### EXTRACTED MATERIAL

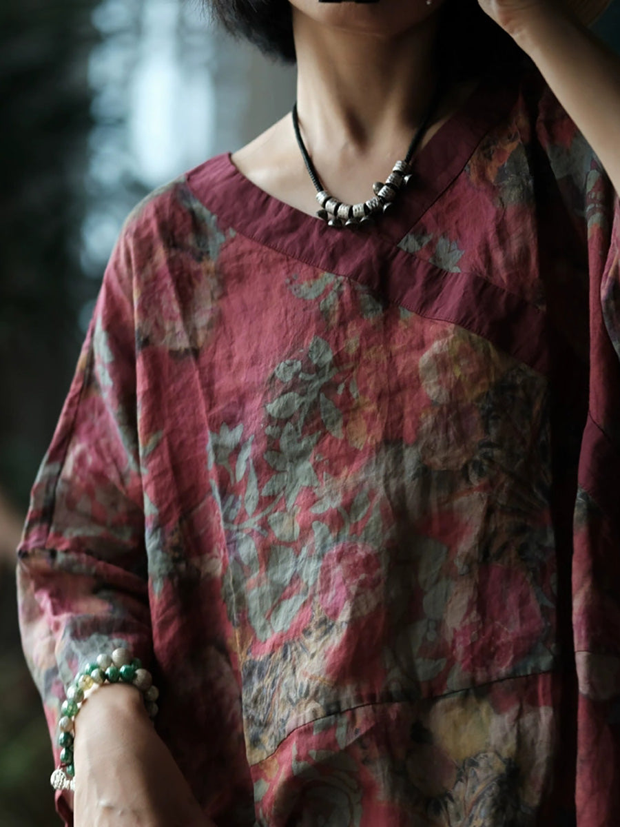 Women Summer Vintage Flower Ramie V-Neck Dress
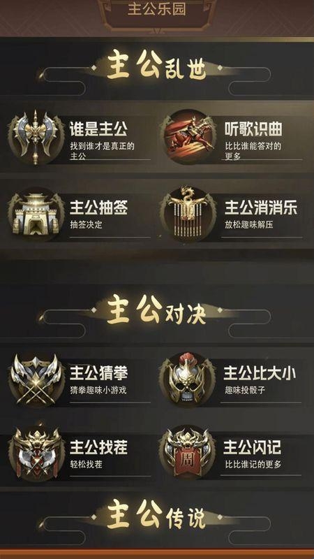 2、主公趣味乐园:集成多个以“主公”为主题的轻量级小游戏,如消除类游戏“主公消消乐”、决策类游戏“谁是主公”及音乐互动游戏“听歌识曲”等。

...

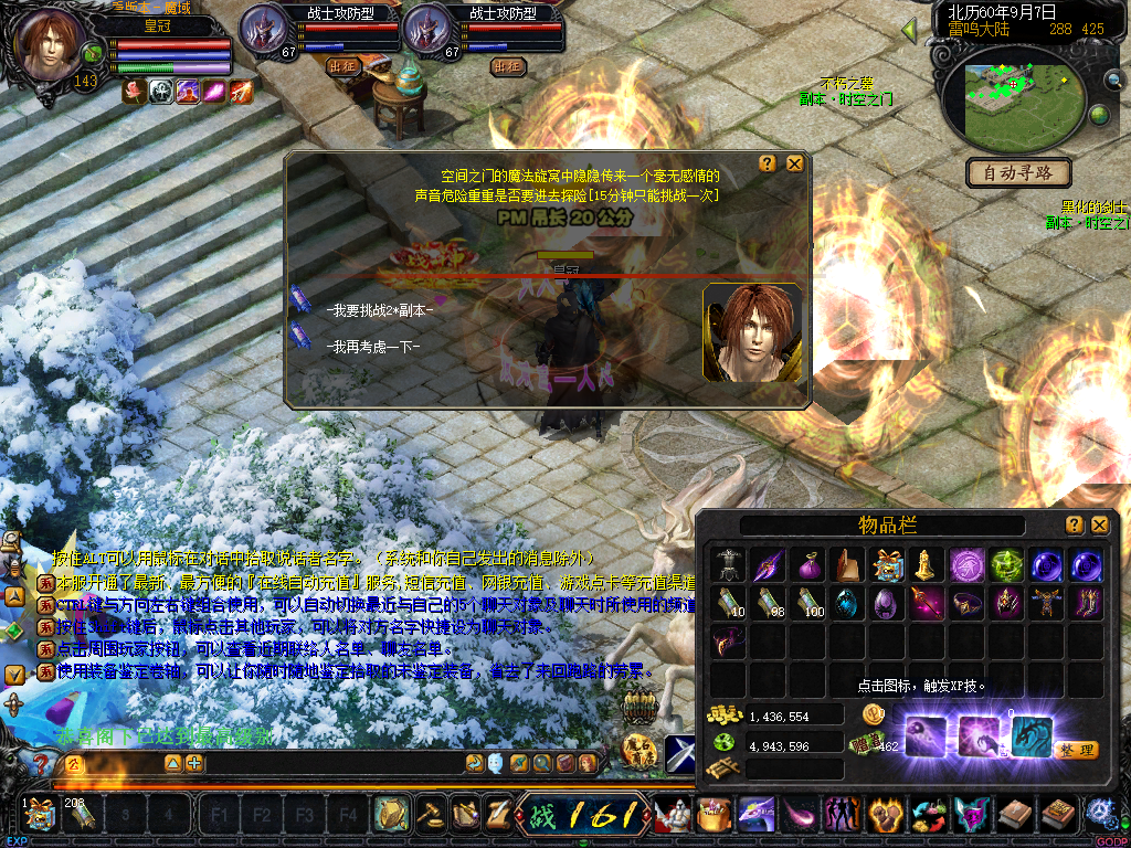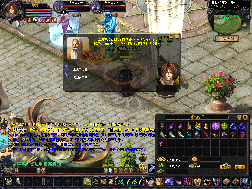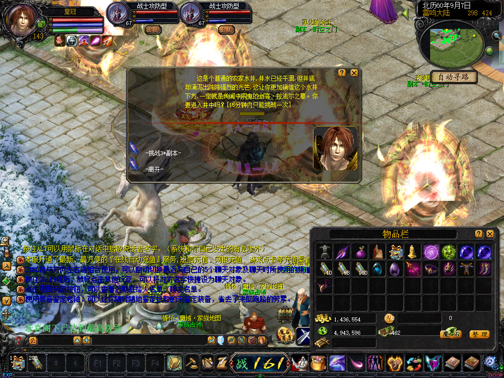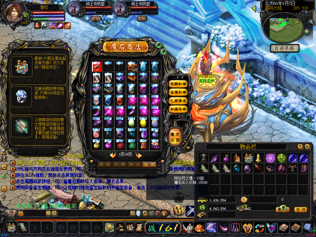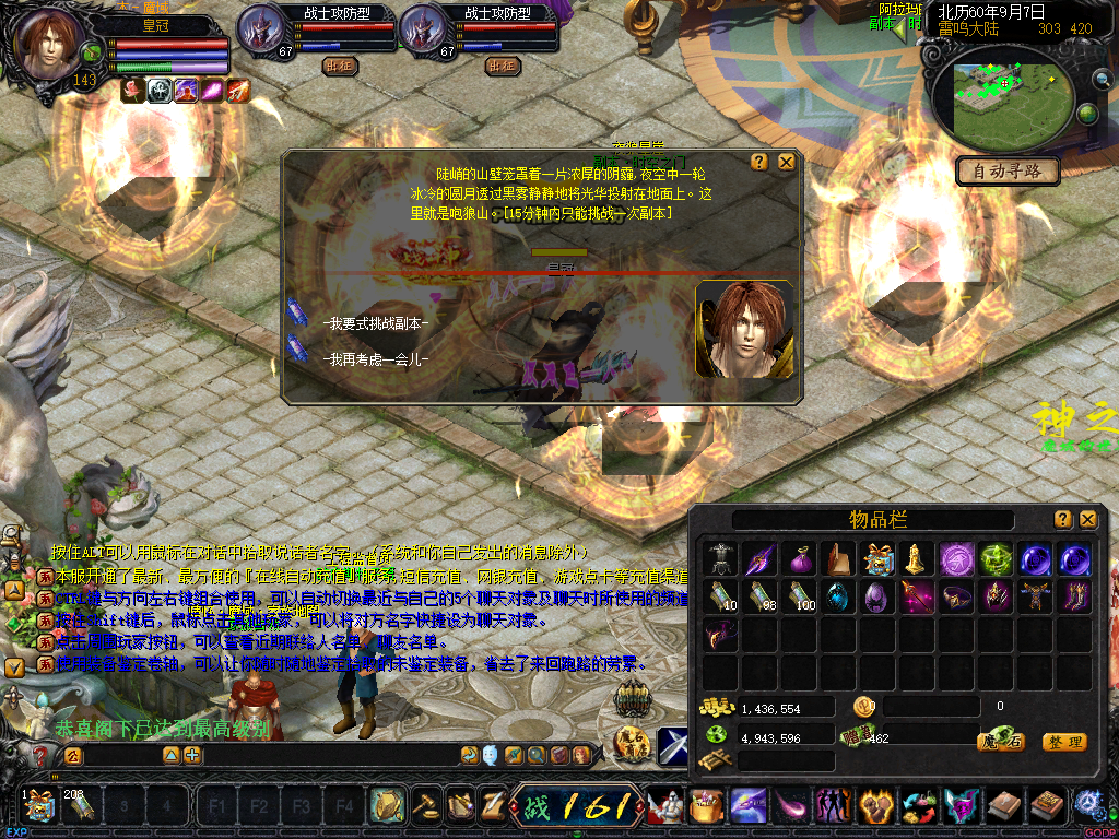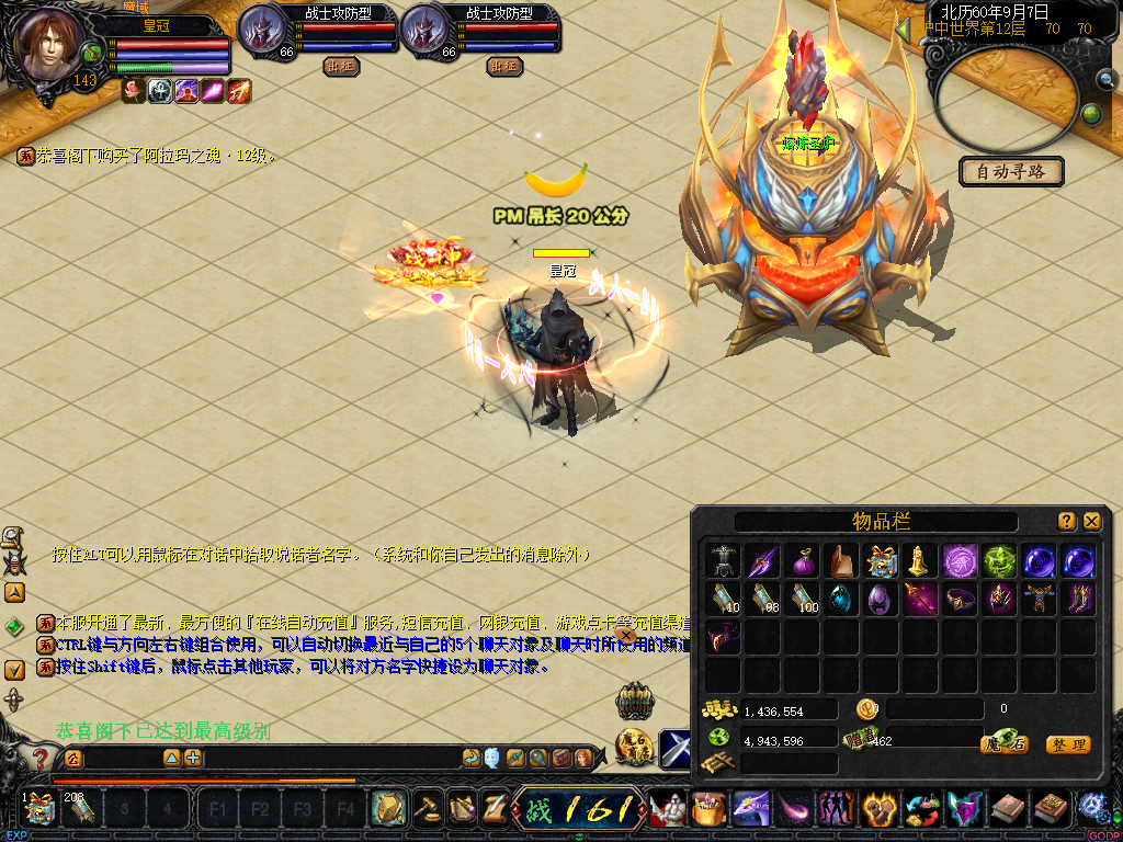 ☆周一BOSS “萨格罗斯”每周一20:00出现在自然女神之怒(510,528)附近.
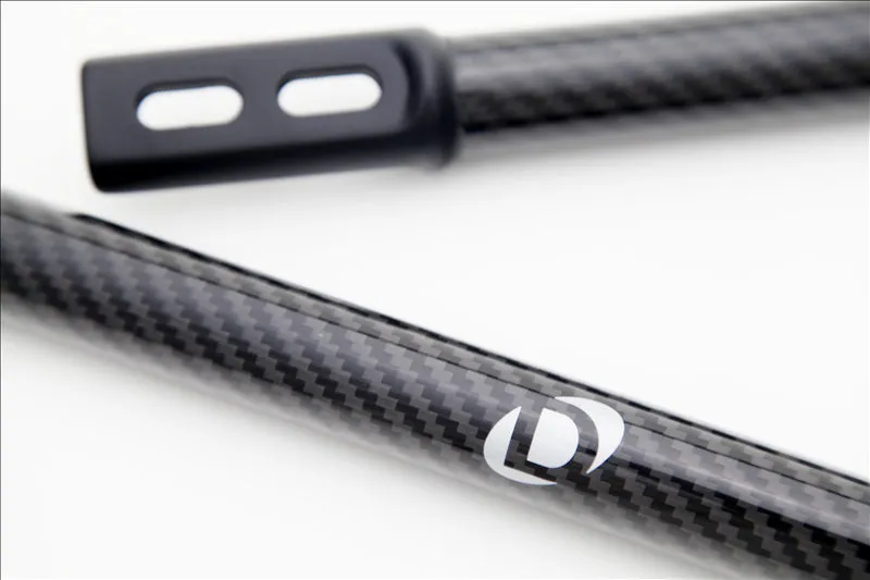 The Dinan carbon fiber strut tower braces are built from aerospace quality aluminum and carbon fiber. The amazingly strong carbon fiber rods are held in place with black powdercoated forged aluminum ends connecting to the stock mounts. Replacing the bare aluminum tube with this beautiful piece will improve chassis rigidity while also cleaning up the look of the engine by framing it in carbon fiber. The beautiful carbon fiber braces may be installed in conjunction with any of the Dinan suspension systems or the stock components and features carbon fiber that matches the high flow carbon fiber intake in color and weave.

...

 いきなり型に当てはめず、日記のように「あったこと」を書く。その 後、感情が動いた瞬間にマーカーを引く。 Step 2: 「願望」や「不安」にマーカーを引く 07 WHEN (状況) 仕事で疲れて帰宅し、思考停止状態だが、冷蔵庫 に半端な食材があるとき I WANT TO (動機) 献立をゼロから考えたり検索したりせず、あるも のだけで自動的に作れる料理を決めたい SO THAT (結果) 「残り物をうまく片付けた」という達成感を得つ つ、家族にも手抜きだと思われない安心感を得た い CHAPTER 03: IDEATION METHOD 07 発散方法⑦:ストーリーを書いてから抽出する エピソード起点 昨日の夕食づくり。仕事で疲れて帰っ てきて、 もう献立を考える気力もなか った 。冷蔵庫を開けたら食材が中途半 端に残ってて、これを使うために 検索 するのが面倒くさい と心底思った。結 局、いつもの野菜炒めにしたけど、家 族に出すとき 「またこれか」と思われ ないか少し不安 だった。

### PROBLEM TO SOLVE
Working from the entries above, please transcribe only the lines from the line with "Women Summer Vintage" through the line with "2、主公趣味乐园:集成多个以", exactly, with both end lines and without pictures.

### COMPLETED TASK
 Women Summer Vintage Flower Ramie V-Neck Dress
 2、主公趣味乐园:集成多个以“主公”为主题的轻量级小游戏,如消除类游戏“主公消消乐”、决策类游戏“谁是主公”及音乐互动游戏“听歌识曲”等。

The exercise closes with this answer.